JAGGER JEST:We start this week’s news chewing with an item for rock fans. Mick Jagger, who is already a great-grandfather, announced he will soon become a father again. This will be his EIGHTH child. Mick Jagger is so old I predict this latest kid will be born with gray hair and dentures.
BELLY BUTTON BULLETIN: According to an item on CBC, the fastest growing cosmetic surgery in Canada is belly button adjustment. Mostly “outies” who want to be “innies.” I may get an extra belly button installed. One belly button just isn’t enough to hold all my lint.

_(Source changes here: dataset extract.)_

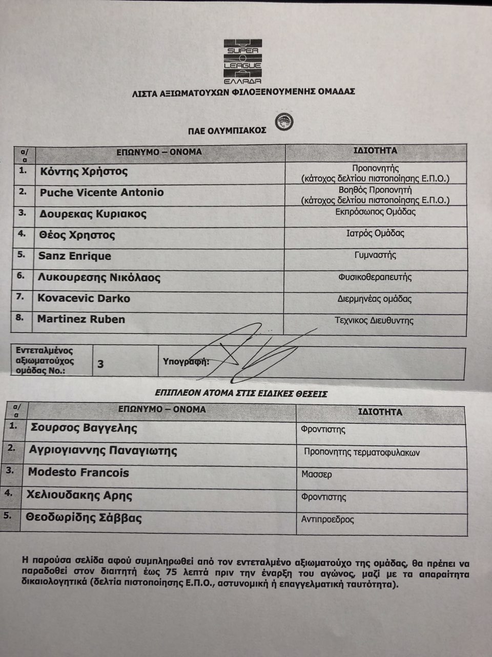 Στο «φύλλο αγώνα», επίσης, αναφέρεται ότι ο Καταλανός προπονητής του Ολυμπιακού ζήτησε να πάει για περαιτέρω εξετάσεις στο νοσοκομείο μαζί με το γιατρό του Ολυμπιακού ως εκ τούτου δεν μπορούσε να τελεστεί ο αγώνας.

MEAL DEAL: Thanks to the reader who emailed me the item about the restaurant in Singapore offering a romantic meal for two for two million US dollars. I checked and it’s true. The meal includes rare oysters, caviar and vintage wine. All for two million bucks. Ten bucks extra if you want cloth napkins instead of paper napkins.
ROBOT REPORT: Canadian airports may test robot security agents. Is this a good idea? If there’s an electrical power surge when the robot is frisking you, you could get a squeeze injury in a very personal place.
WHY FLY: Canadian plane builder Bombardier will build a jetliner with extra wide seats for overweight passengers. How about a plane with wider washroom doors that overweight passengers can squeeze through without having their body greased by a flight attendant?
SAD NEWS:Hollywood producer Garry Marshall died last week at age 81. He created one of the greatest ever TV shows, Happy Days. Without Happy Daysthere would have been no Fonz. Today’s youngsters think they are so cool. They will never be as cool as The Fonz. The Fonz would not text while riding his motorcycle. The Fonz would not take a selfie while combing his hair. The Fonz would not play Pokemon Go while flirting with Mrs. Cunningham.
PRINCE WINCE:In London, cute little Prince George turned three. Birthday gifts included a $7,000 rocking horse, a $2,000 puppy, a $23,000 playhouse, and other gifts totalling almost half a million dollars. Meanwhile, it was revealed Prince George already likes to play tennis. But he’s just a little guy. So when he wins a match, his butler jumps over the net for him.
HOT ENOUGH? Statistics show June was the 14th straight record hottest month. If our planet continues to get hotter, we may have to install an extra Equator.
DOOM DISS:Maybe you heard, there’s a group that says the world will end on July 29. There’s another group that believes the world already ended and we’re all just carrying on in our subconscious minds for the sake of Facebook.
MAYONNAISE MAYHEM:Last week near Brampton, Ontario, a busy highway was closed after a truck flipped and spilled its load of mayonnaise. The cleanup took 12 hours due to the sticky goopiness of the mayonnaise. Gee, if only a truck had flipped nearby and spilled burger patties, buns, lettuce and tomato, I would have a nifty story. But it didn’t. So I don’t.
VERY VEGETARIAN:A new survey shows more Canadians are vegetarians than ever before. I ate a great meal at a vegetarian restaurant last week. No, wait, that was a florist.
TURKEY TALE:After last week’s attempted overthrow of the government the situation is calmer now in Turkey. People in Turkey are angry because they want democracy. They are angry because they want a higher standard of living. They are angry because they want a better name for their country.
FEUD FUN: The big showbiz gossip story of the week: Kim Kardashian is feuding with Taylor Swift. Maybe that’s what I need to boost my career—a feud with a celebrity. Mick Jagger offered to feud with me, but I don’t want to be accused of elder abuse.